Besides wanting to reach a captive audience, Mr. Long saw entering superstores as an inexpensive way of diversifying the bank's markets.

"I decided that if we did it, we should do it with more than one or two," he said.

Since 1994, First State has opened 24 branches in Wal-Marts and three in Super Kmarts. Mr. Long plans to open two additional Wal-Mart branches this year.

The branches typically cost $250,000 to open, a third of the cost of traditional stand-alone branches, Mr. Long said. They typically turn profitable in anywhere from six to 20 months, less time than for a brick- and-mortar branch to get into the black.

The branches are open seven days a week and staffed by six employees who have retail sales backgrounds, Mr. Long said. They spend a couple hours in the aisles trying to drum up business.

"The idea of going to where the customers are appealed to me," he said. "That doesn't mean all the customers appreciate being approached when they're shopping."

The in-store branches carry a full line of deposit and credit products and attract small-business as well as retail customers, Mr. Long said. To his surprise, they also attract certificate of deposit accounts as well as checking customers.

But some challenges are confronting Mr. Long's plan.

For one, people often aren't aware of the bank's presence. As many as eight out of 10 superstore customers are oblivious of the branches, Mr. Long conceded.

Waxahachie, in northeastern Texas, is one of the markets in which First State opened an in-store branch. George H. Singleton, chief executive officer of the town's only locally owned bank, doesn't consider the branch much of a threat.

"I think you need more than a Wal-Mart store to get the customers you're trying to attract," said Mr. Singleton, whose Citizens National has $120 million of assets.

But Mr. Long is confident that First State's name will get around. Referring to shoppers who don't notice the bank, he grinned and said, "I just look at them as untapped prospects."

More troubling is the expense issue. The costs of building new facilities, hiring up to 400 new employees, and installing new technology have been formidable.

From 1993 to 1996, noninterest expense at First State bank soared 62.2% to $22.9 million, according to figures from Sheshunoff Information Services.

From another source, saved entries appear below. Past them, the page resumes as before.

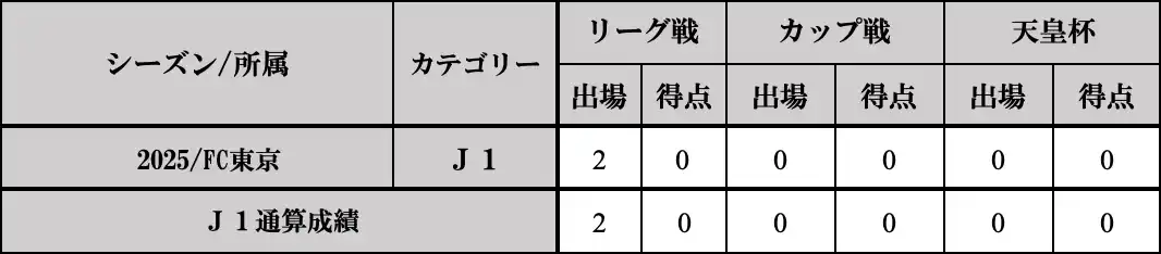 | □ 出場歴(2026年3月11日時点/Jリーグ所属時のみ) | |||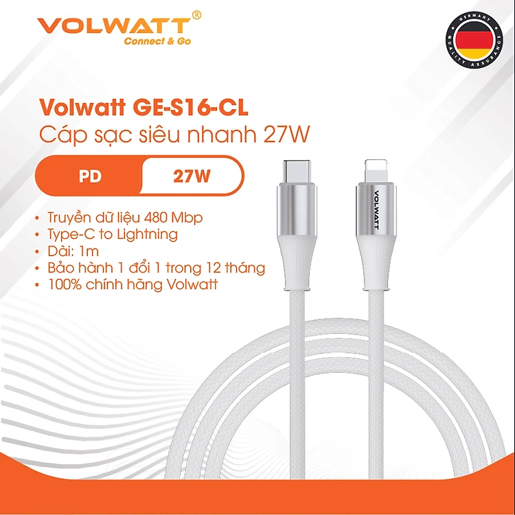 Cáp sạc nhanh Volwatt GE-S16-CL hàng chính hãng | Cáp Type-C to L 27W, đạt chuẩn MFi, tương thích iP14 trở xuống, dây bện | BH 12 tháng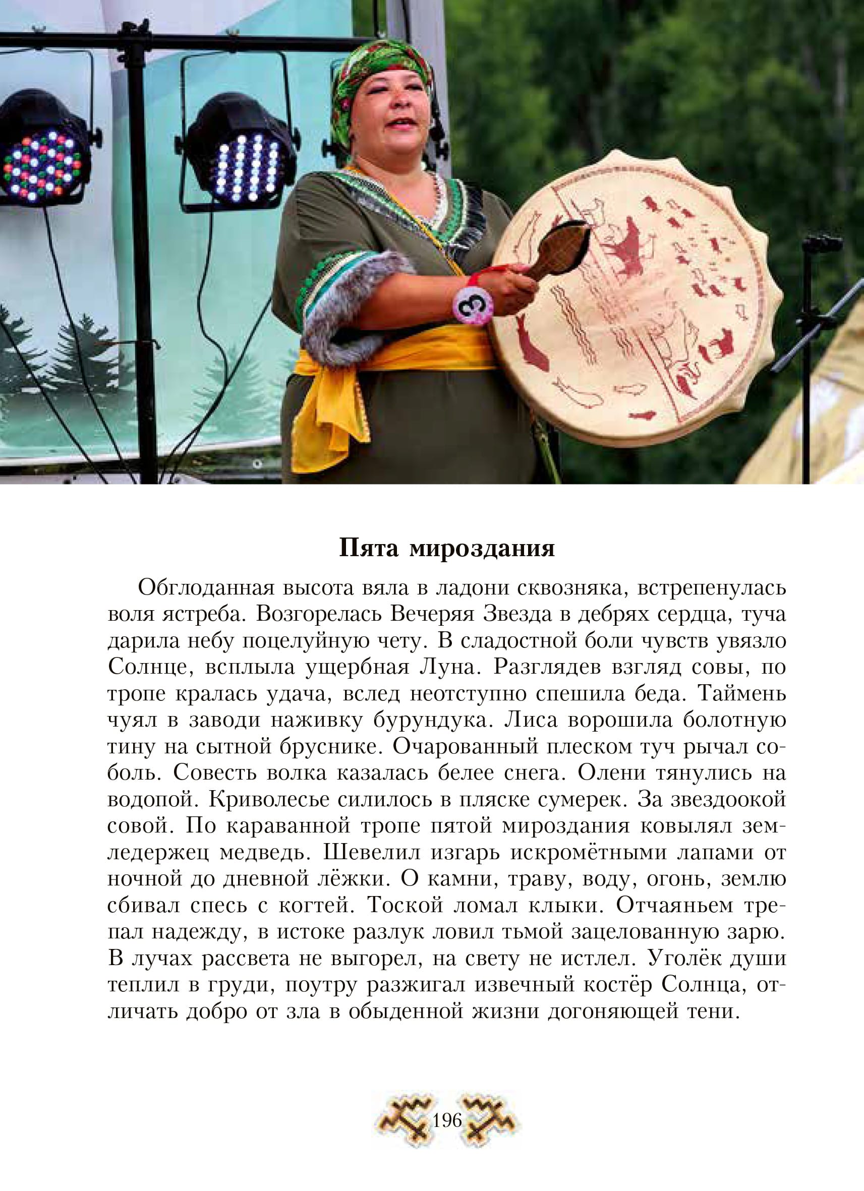 Тропа небылица У оленя была заветная мечта и чувства воплотить сон в жизнь. Жаждал увидеть мир, но не мог покинуть пределы горной цепи. На краю вечности, добывал иллюзии на мнимой тропе, Луна состарилась, изображая грёзы из мерцания звёзд. Рассветная заря погасила путеводные светила. Созидал надежды из утренних лучей в указующий проход. Солнце закрыла туча, олень потерял колею, запечатлел волю. Метель засыпала следы, олень не оробел, рогами высекал миражи из облаков. Пурга воровала воображение, от видений ссутулив загривок, берег страсть к странствиям. Неверный поворот заводил в опасности. Кружил вихрь, олень не отдал ожидание, туман пустил гулять на простор, себе оставил воплощение. В бездне лабиринтов не прекратил борьбу, встал на Млечную стезю, узнал вымыслы из звездопада. В оттепель снег подтаял и замёрз в наст. Олень грыз выдумки из ягеля под сугробом. Кусал лёд, терял цель, домыслы складывал из первоцветов на проталинах. На лазейке смыслов обдумывал шаги, взор обратил в реальность. Менял ориентиры и натиск ветер, олень устремлял стопы правды ввысь. Кочевал за желанием сердца по жизненному пути, в котором душа затаила почти растраченное вдохновение. /с. 17, "Озарение светом"/

The number of full-time employees doubled in the same period to 389, according to the Austin research firm. Salary and benefits grew from $5.8 million in 1993 to $11.7 million in 1996.

"It does concern me, and I am working on that problem," he said.

Mr. Long said he expects to see those ratios improve now that the in- store operations are maturing and gaining efficiencies. Moreover, he said the bank can now grow by $300 million of assets without needing to add new employees.

While Mr. Long's plans are radical, they grow out of his 30 years of banking experience.

The strategy of opening banks near shopping centers has appealed to him since 1968. At the time a banking attorney, he invested in a start-up that was going up near the first in-door mall in the Austin area.

Over the years he acquired a larger stake and the bank grew, eventually becoming First State. Then he took an active role, becoming chief executive officer in 1989, when the Texas economy was going down the tubes.

"The bank was my principal financial asset, and I felt like it was something I needed to do," he said

"Most bankers that you would talk to would probably say I am not a traditional banker," said Mr. Long, a gruff former military police officer who collects art. "I don't have a lot of preconceived ideas about how things work."

But there's one thing he says he's learned from banking: the need to be patient and not expect immediate results. He approached this venture from that point of view.

"You all have to come back in five years to see how it works out," he said.